Val did not wait to explain. He rode after the girl-- always did. With no more luck than Alexander this time. She would not turn her face to him, though he leaned down in the saddle to speak. The brisk shake of her head was unmistakable. In fact, every line of her body spoke of rejection.

Touch me not, Alexander thought.

Beside him, Oscar said quietly, "Looks as if our lad has lost his touch."

Alexander nodded as he watched his pansy faced pretty strike off again with a resolution that inspired admiration. A bloom both sturdy and delicate, brave and frightened. In her steadfast refusals, in the straight-backed sway of the cloak at her heels, he found a pleasing level of independence and self-sufficiency.

"Come lads!" Val beckoned, and turning his horse rode past the young woman with a flick of his quirt and a show of his horse's heels.

They trotted after him, tipping hats to the young woman. She did not so much as acknowledge them with a nod. When Alexander turned head in hopes of one last look into her eyes, she wore an expression of proud reserve, her gaze distant, even unfriendly.

Well out of earshot of the woman, Val announced, "And so you meet the flower of Appleby who is both the most and least hospitable of all the blossoms hereabouts. Miss Touch-me-not herself."

"Why insult her?" Alexander asked.

"Insult her?" Val laughed harshly. "Nonsense. She has been just such an oddity since she was a girl: remote, unapproachable, socially inept. She generally has more use for animals than people. Tames wild ponies, straight off the fells, and as wild as her horseflesh in her own way. She is constantly shadowed by a man-eating dog. I wonder where he is today."

"How unlike you, Val, to speak ill of a female," Alexander persisted.

Val reached for his hip flask, wrenched off the cap, and met his gaze with the same intensity with which he had met the French. "Is it?" he asked.

The strength of his words surprised Alexander. For an instant his comrade in arms seemed a stranger as he threw back his handsome head and downed another mouthful.

"Has our Val been spurned by the girl or bitten by the man-eater?" Oscar dared ask, one brow raised, gray eyes inquisitive.

"Ha! They are one and the same," Val snapped, screwing the lid back onto the flask, the tension of the moment broken, the cheeky grin he gave them all too familiar. He spurred his mount into startled motion.

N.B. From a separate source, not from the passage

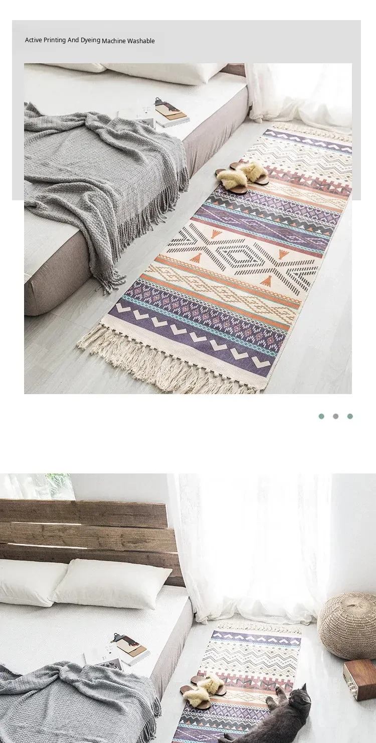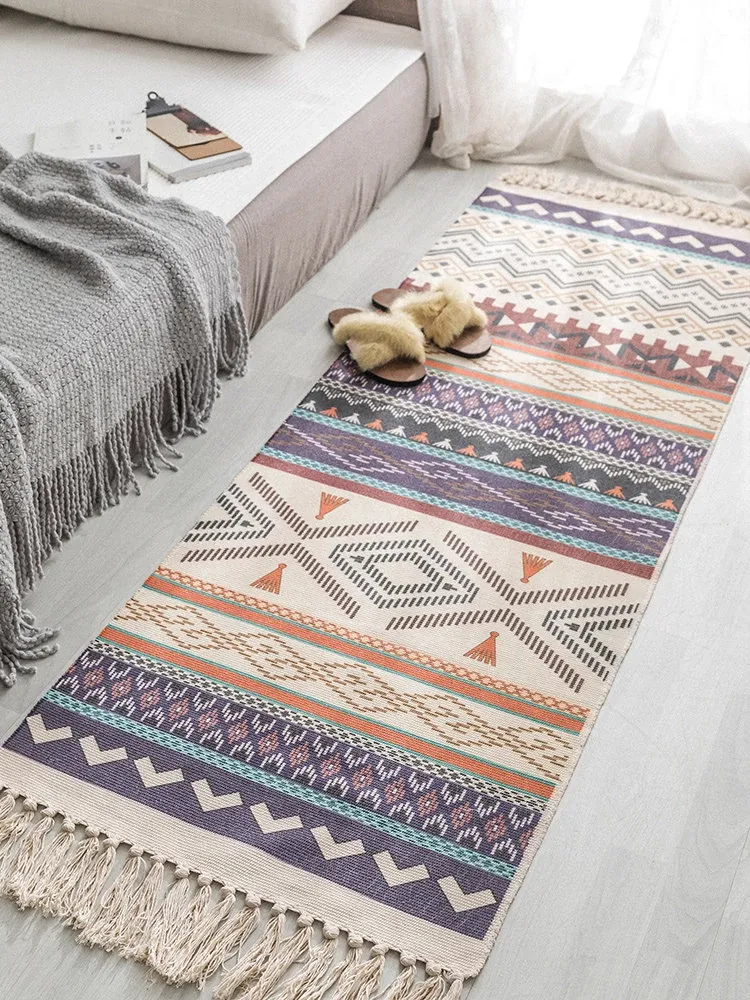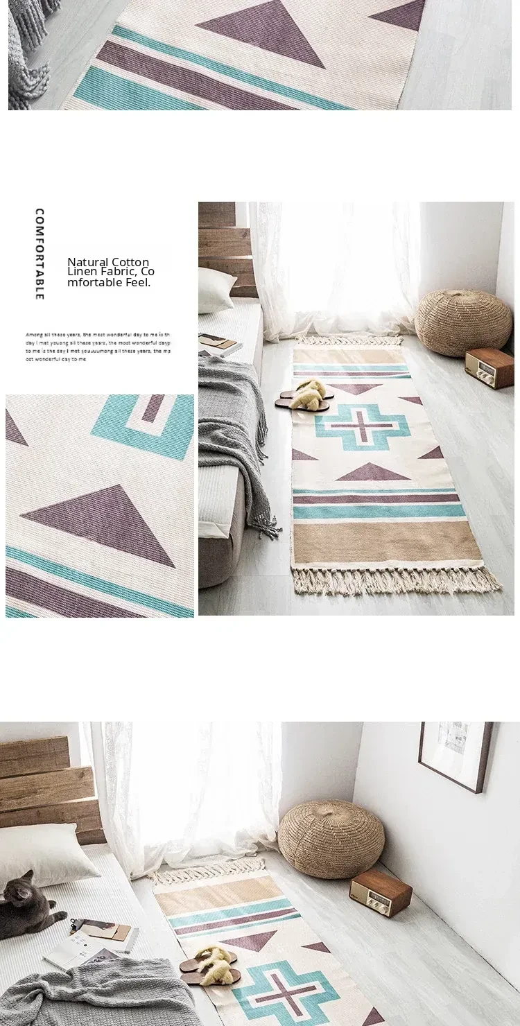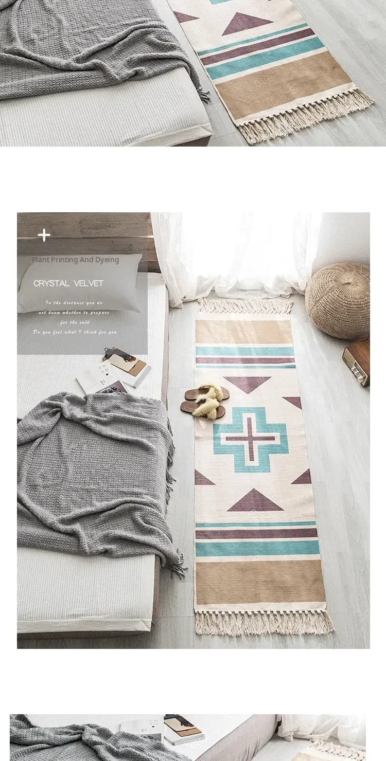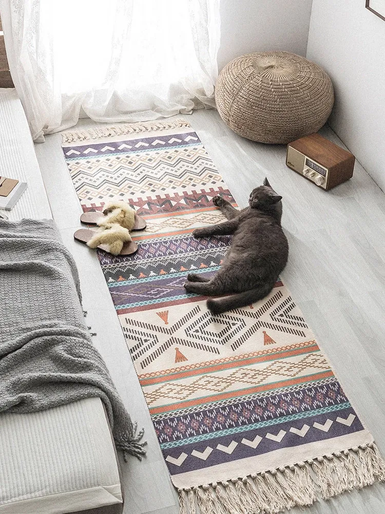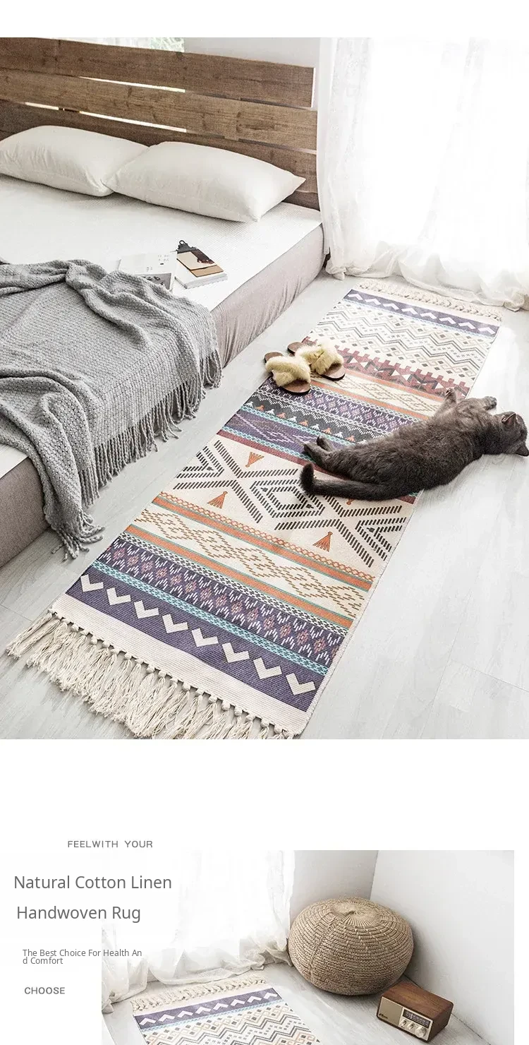 Bohemian Cotton Linen Bedroom Bedside Runner Rug - Long Carpet for Living Room Sofa, Tatami Mat, Machine Washable

"Should have held tongue," Oscar chastised himself, tweaking at his mustache, as he always did when he was nervous. He had tweaked it almost into oblivion in the greatest furor of fighting. "Lad's in one of his moods," he said. "This homecoming, perhaps."

"And you? Alexander asked. "Have you no homecoming to look forward to?"

Oscar smoothed thinning hair away from an intelligent brow, and frowned. "I find myself strangely reluctant." The frown melted into a lopsided grin beneath the sketchy mustache. "Strange, isn't it?"

Alexander thought of his own postponed homecoming as he gigged the gray into motion. "Not in the least."